# another question concerning fallen condition



## sitdownicantsee (Oct 2, 2012)

a question for the pastors, I'm reading a book by Bryan Chappell, he has stated that every sermon should be centered around the fallen condition focus, true or not? Many thanks --
In Christ,


----------



## Contra_Mundum (Oct 2, 2012)

Sounds like what he's saying is that every sermon should be for the sinners listening--who need the law to confront them, and the gospel to comfort them, and hope for living unto God through the indwelling Spirit.

As opposed to providing enthusiasm for the saints listening, and promising damnation for the sinners out there--on the other side of the RR tracks, up in D.C., in the church-of-heathens down the street, etc.


----------



## Jack K (Oct 3, 2012)

I'm not a pastor, but I've read Chappell's book and am going to weigh in here...
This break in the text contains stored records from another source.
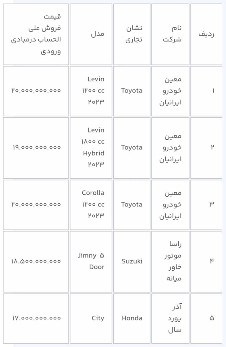 ب- خودروهای دارای قیمت علیالحساب در مبادی ورودی: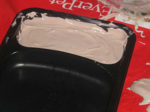 Haz primero la bandeja de la cena de TV y frotar cuidadosamente el interior con vaselina. Esto impide que la masilla se adhiera a la bandeja. Ahora mezcle una cantidad decente de la masilla para llenar la mitad de dicha bandeja. Después se mezcla bien, colocar en la bandeja y liso hacia fuera un poco para que esté nivelado y liso.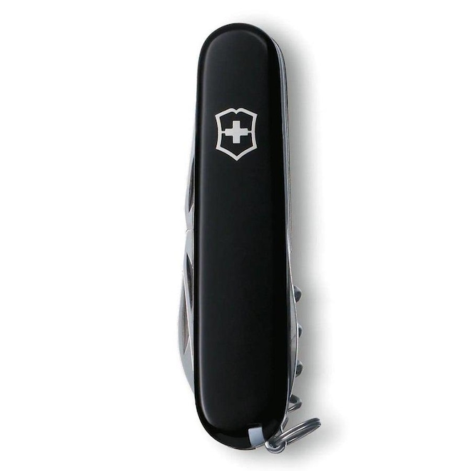 - Contém saca-rolhas e abridor de lata com uma chave de fenda pequena

I say Chappell's method is a good one. I've learned some helpful things from it. And it isn't just for preachers. I often start preparing Sunday School lessons or written devotionals by asking myself "what's the fallen condition that God is targeting for redemption in this passage." Doing so helps keep the focus on Christ and God's work of redemption.

But it's not the _only_ good framework nor one every sermon must use (and I don't think Chappell would say it is, either). So we need to be careful not to try to force others, in particular, into using that framework, even if we like it.

As for the matter of the sermon being for sinners or for the saints... I think Chappell would say that _both_ believers and unbelievers need to regularly hear sermons about the many things God has done in Christ to redeem his people and his world—hence the emphasis on a "fallen condition" we face and how Christ brings redemption to that situation. Without such constant encouragement and grounding in Christ, sermons that merely tell you to "be good" tend to bring death rather than life. In this I agree with him.


----------



## sitdownicantsee (Oct 3, 2012)

thanks to you both, Jack and Pastor Buchanan - you have helped me immensely.


----------